Stop Wrestling with UNIX Timestamps: A Clean Pandas Solution
During the initial stages of building my International Space Station (ISS) data engineering project, I quickly realised a format issue with the timestamps broadcast by the ISS Open API. The timestamps used by the API were set in the UNIX format, which aren't terribly user friendly for consumers of the data.
My goal was to ensure that my dataframe's timestamps are correctly converted from UNIX to ISO 8601 during ingestion. UNIX timestamps represent how many seconds have passed since midnight 1 January 1970.
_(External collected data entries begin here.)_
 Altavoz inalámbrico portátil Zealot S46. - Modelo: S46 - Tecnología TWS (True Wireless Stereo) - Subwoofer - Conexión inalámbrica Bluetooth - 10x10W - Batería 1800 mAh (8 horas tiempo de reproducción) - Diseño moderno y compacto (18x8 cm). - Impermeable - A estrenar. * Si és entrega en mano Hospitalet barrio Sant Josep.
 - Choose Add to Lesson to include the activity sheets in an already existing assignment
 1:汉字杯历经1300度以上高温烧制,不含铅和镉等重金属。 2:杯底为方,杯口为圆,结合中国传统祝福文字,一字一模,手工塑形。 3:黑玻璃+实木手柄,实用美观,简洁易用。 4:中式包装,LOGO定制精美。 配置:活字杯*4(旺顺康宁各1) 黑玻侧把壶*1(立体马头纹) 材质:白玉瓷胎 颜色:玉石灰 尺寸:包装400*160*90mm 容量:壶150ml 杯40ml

An example UNIX timestamp looks like this:
1707568200 → Converts to 2024-02-10T12:30:00 UTC
While interesting from a historical point of view, I didn't want my ETL application to keep timestamps in this format. So after doing research, the pandas library has a useful function called to_datetime(series). This function can then be combined with another pandas function called dt.strftime to finally convert the timestamp to the ISO 8601 format.
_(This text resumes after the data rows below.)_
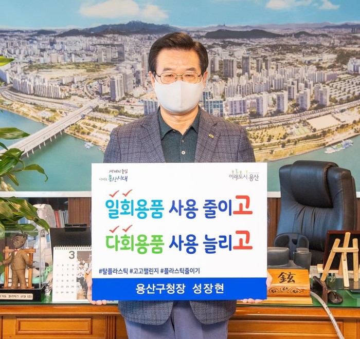 성장현 서울 용산구청장이 17일 코로나19로 사용량이 급증하고 있는 일회용 플라스틱 사용량을 줄이기 위해 ‘탈(脫)플라스틱 고고챌린지’에 동참했다. 사진은 성 구청장이 ‘일회용품 사용 줄이고, 다회용품 사용 늘리고’라고 적힌 판넬을 들고 ‘탈(脫)플라스틱 고고챌린지’에 동참하고 있는 모습. (사진제공=용산구청)
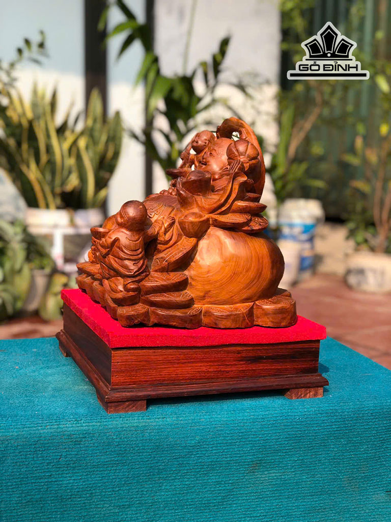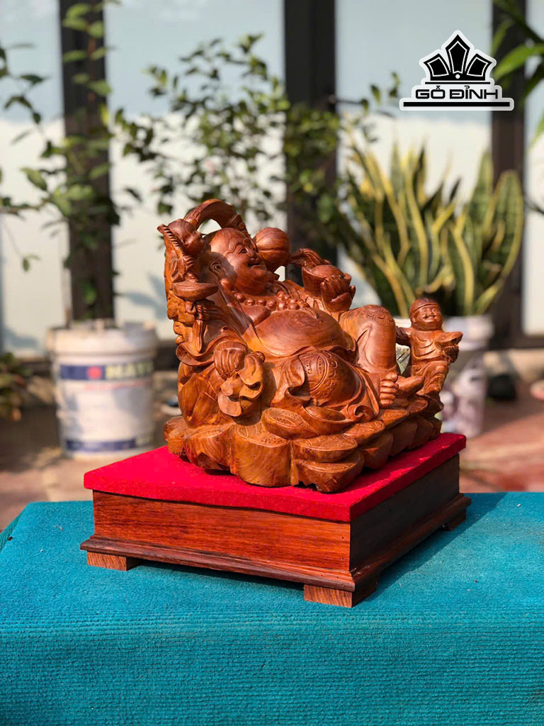 Tượng Phật Di Lặc Nhị Phúc Gỗ Hương Cao 30 Ngang 35 Sâu 32 (cm) - Cả Kỷ Cao 40
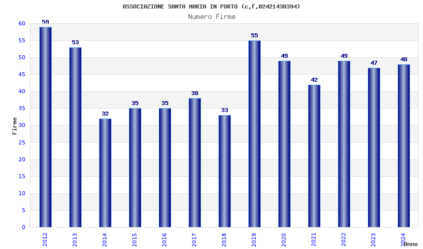 | Anno | Firme | Importi | Media | Naz. | Reg. | Prov. | Comu. |
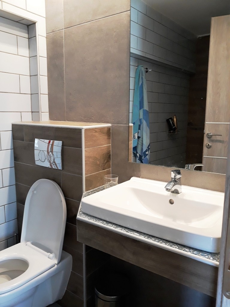 Вила “MEDITERAN” се наоѓа во близина на луна паркот во Неи Пори, во првиот ред до плажа. Располага со убаво уредени трокреветни студија и апартмани со една спална за 4 лица, со комплетно нови купатила и кујни. Во трокреветните студија има еден брачен кревет и еден петосед (погоден за 2 деца или едно возрасно лице). Во апартманите со една спална има еден брачен кревет во спалната и уште еден брачен кревет во кујната. Секое студио/апартман е комплетно опремено со: кујна со комплетен прибор за онолку лица према број на легла, фрижидер..., тоалет, балкон со масичка со столчиња (со поглед кон улицата од студијата и поглед на море), клима, ТВ, гардеробер. Wi-Fi интернет - Бесплатен.
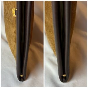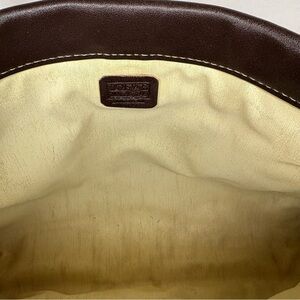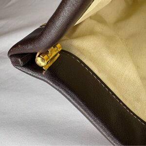 ❌SOLD❌ LOEWE Suede Brown Clutch with Hinged Structured Opening in stunning dark tan, similar to a caramel hue, with dark brown trim.
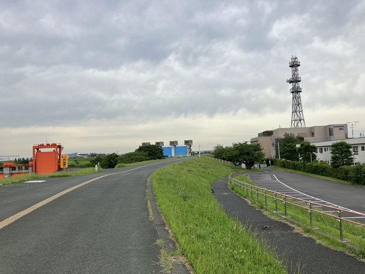 荒川土手から、旧岩淵水門(赤水門)と土手を挟んだ反対側にある「荒川知水資料館(amoa)」に向かいます。
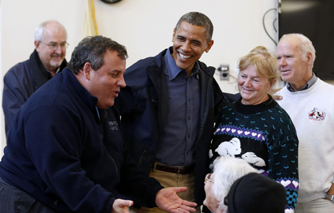 Obama front and center in storm crisis as Romney subdued
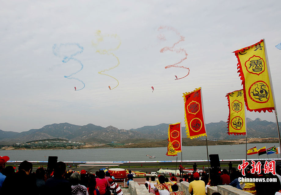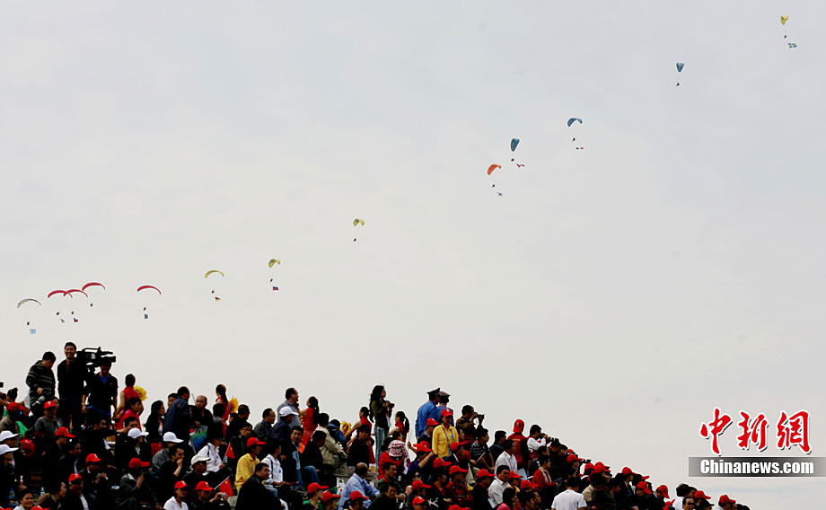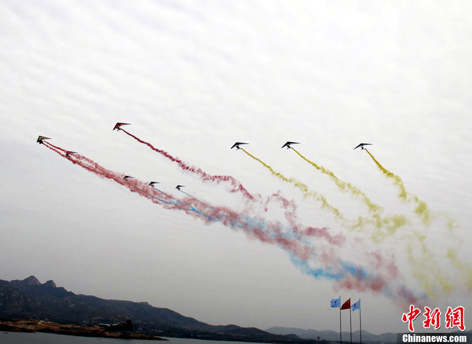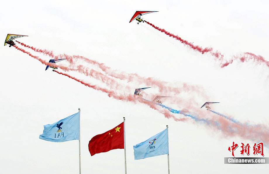 9月25日下午,2010中國國際航空體育節(jié)在山東省萊蕪市雪野旅游區(qū)拉開帷幕。來自世界18個國家的700余名航空體育高手匯聚“航空運動之城”萊蕪,以天空為舞臺,奉獻(xiàn)了一場精彩的航空體育盛會。圖為三角翼飛行器當(dāng)空舞彩練。 中新社發(fā) 馬圣泉 攝
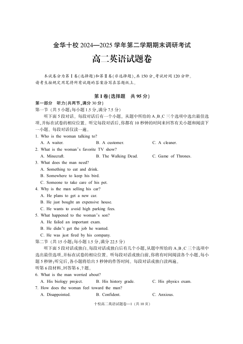 金华十校2024-2025学年第二学期期末调研考试 英语.pdf
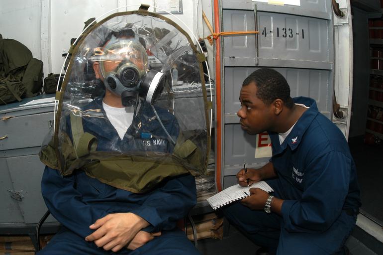 Keywords: US Navy 040128-N-8955H-003 Damage Controlman 3rd Class James Allen from Oakland, Calif., conducts a MCU-2P Gas Mask fit test using a TDA 99M respirator functional testing system on Disbursing Clerk Seaman Recruit Aidan Lee.jpg en Philippine Sea Jan 28 2004 - Damage Controlman 3rd Class James Allen from Oakland Calif conducts a MCU/2P Gas Mask fit test using a TDA 99M respirator functional testing system on Disbursing Clerk Seaman Recruit Aidan Lee from Shiprock N M in the Damage Control shop aboard USS Blue Ridge LCC 19 The respirator tester is used to check the sailor's gas mask for the correct fit and seal U S Navy photo by Photographer's Mate 1st Class Novia E Harrington RELEASED 2004-01-28 040128-N-8955H-003 Navy http //www navy mil/view_image asp id 11645 U S Navy photo by Photographer's Mate 1st Class Novia E Harrington PD-USGov-Military-Navy Damage Controlman Aboard USS Blue Ridge LCC-19 Disbursing Clerk MCU-2/P Protective Mask |
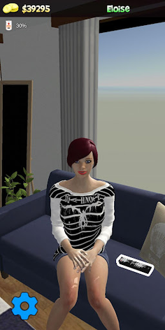 She can go to the kitchen to eat, to the bathroom, to the toilet, to the sofa, to bed and to play sports. There are games hidden in some objects. Try clicking on the remote control on the sofa.
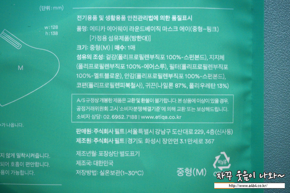 글 앞에서도 말했지만 다양한 컬러의 '에티카 에어웨이 라운드베이직 마스크'는 식약처에서 관리하는 보건용 마스크가 아닌 공산품 마스크입니다. 에티카에서 품질관리를 잘 하겠지만, 역시 이부분은...
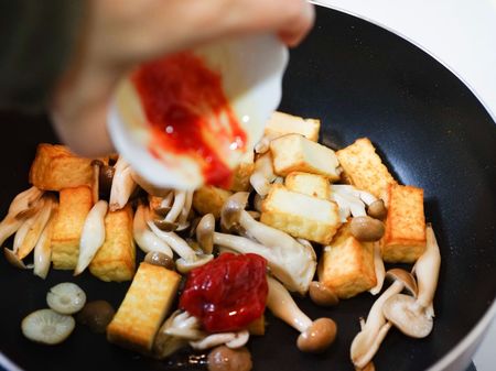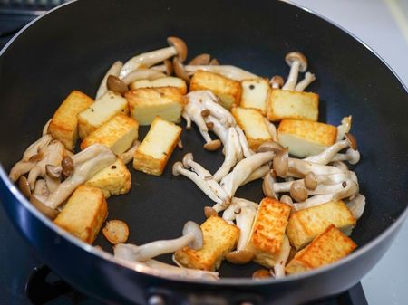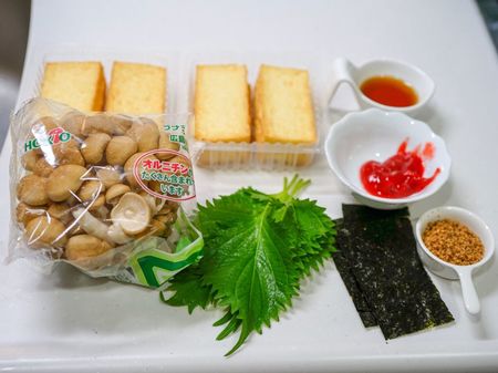 厚揚げは食べやすい大きさ(今回は4等分)にカットしてください。しめじは、根元の石づき部分を包丁でカットし、3本ずつ程度にほぐしておきます。

def convert_unix_to_iso(series: pd.Series) -> pd.Series:
"""
Convert Unix timestamps to ISO 8601 formatted datetime strings.
Args:
series (pd.Series): Series containing Unix timestamps
Returns:
pd.Series: Series with timestamps in ISO format (YYYY-MM-DDTHH:MM:SS)
"""
return pd.to_datetime(series, unit='s').dt.strftime('%Y-%m-%dT%H:%M:%S')
The above code takes a series right after my ISS ETL script ingests data, and immediately converts the relevant column of timestamps into ISO 8601 format, which is far more useful for end users.